Repeat the listing exactly. The images do not belong in the copy.

═══ Data

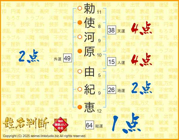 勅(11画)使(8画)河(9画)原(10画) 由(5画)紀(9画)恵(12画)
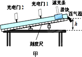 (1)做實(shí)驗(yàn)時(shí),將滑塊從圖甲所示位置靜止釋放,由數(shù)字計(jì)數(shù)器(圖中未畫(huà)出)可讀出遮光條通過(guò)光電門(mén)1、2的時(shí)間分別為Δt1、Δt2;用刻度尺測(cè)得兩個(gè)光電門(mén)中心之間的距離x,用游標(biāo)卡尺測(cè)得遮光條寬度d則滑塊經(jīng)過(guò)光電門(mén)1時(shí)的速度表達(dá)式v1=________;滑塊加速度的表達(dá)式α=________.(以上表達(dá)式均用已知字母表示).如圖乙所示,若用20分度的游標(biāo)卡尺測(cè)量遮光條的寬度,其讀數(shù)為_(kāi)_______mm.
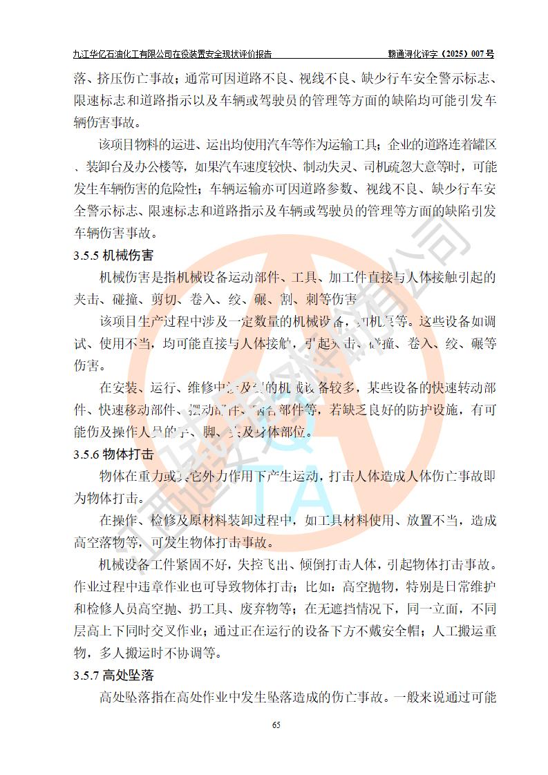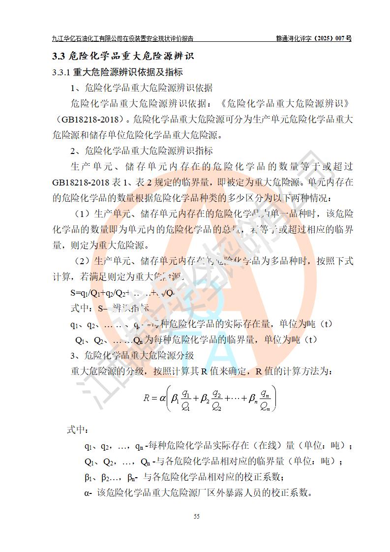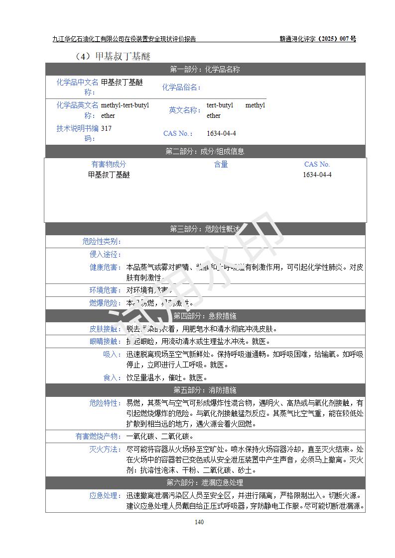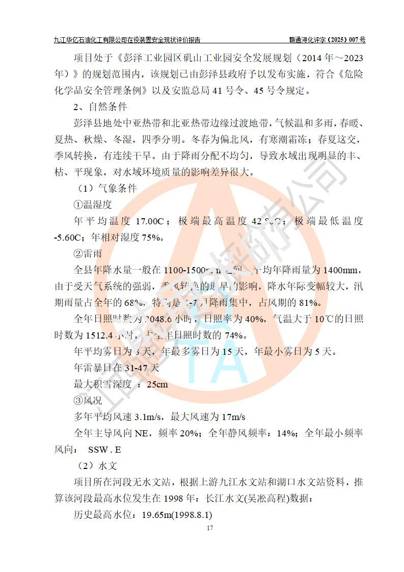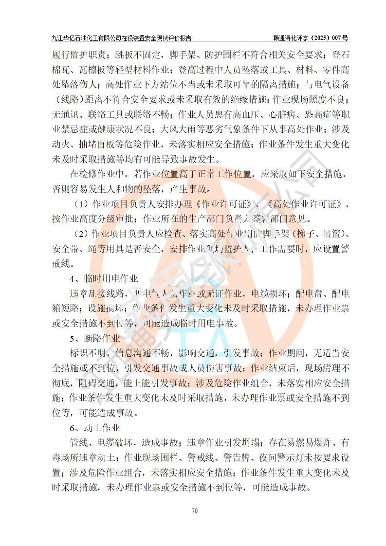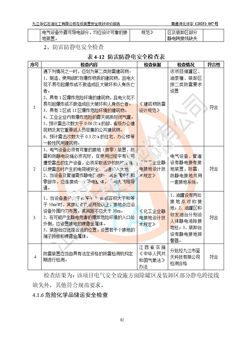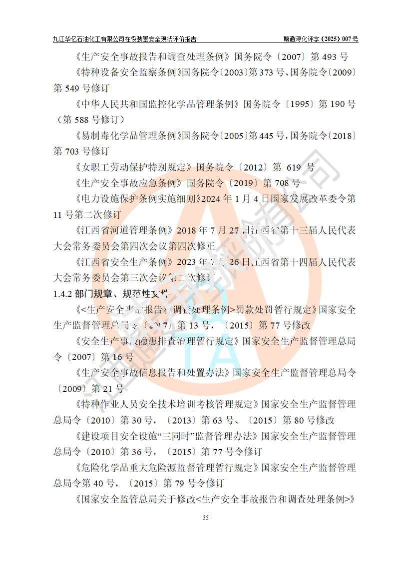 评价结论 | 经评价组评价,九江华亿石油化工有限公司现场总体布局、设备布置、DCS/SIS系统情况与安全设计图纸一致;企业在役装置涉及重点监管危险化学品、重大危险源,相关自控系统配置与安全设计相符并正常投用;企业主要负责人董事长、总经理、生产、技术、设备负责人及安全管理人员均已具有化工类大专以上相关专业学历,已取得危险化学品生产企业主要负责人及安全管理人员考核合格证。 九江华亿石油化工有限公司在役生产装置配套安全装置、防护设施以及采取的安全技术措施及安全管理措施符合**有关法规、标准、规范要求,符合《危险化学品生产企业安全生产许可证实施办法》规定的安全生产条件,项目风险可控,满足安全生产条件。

══════

## Problem solution
 勅(11画)使(8画)河(9画)原(10画) 由(5画)紀(9画)恵(12画)
 (1)做實(shí)驗(yàn)時(shí),將滑塊從圖甲所示位置靜止釋放,由數(shù)字計(jì)數(shù)器(圖中未畫(huà)出)可讀出遮光條通過(guò)光電門(mén)1、2的時(shí)間分別為Δt1、Δt2;用刻度尺測(cè)得兩個(gè)光電門(mén)中心之間的距離x,用游標(biāo)卡尺測(cè)得遮光條寬度d則滑塊經(jīng)過(guò)光電門(mén)1時(shí)的速度表達(dá)式v1=________;滑塊加速度的表達(dá)式α=________.(以上表達(dá)式均用已知字母表示).如圖乙所示,若用20分度的游標(biāo)卡尺測(cè)量遮光條的寬度,其讀數(shù)為_(kāi)_______mm.
 评价结论 | 经评价组评价,九江华亿石油化工有限公司现场总体布局、设备布置、DCS/SIS系统情况与安全设计图纸一致;企业在役装置涉及重点监管危险化学品、重大危险源,相关自控系统配置与安全设计相符并正常投用;企业主要负责人董事长、总经理、生产、技术、设备负责人及安全管理人员均已具有化工类大专以上相关专业学历,已取得危险化学品生产企业主要负责人及安全管理人员考核合格证。 九江华亿石油化工有限公司在役生产装置配套安全装置、防护设施以及采取的安全技术措施及安全管理措施符合**有关法规、标准、规范要求,符合《危险化学品生产企业安全生产许可证实施办法》规定的安全生产条件,项目风险可控,满足安全生产条件。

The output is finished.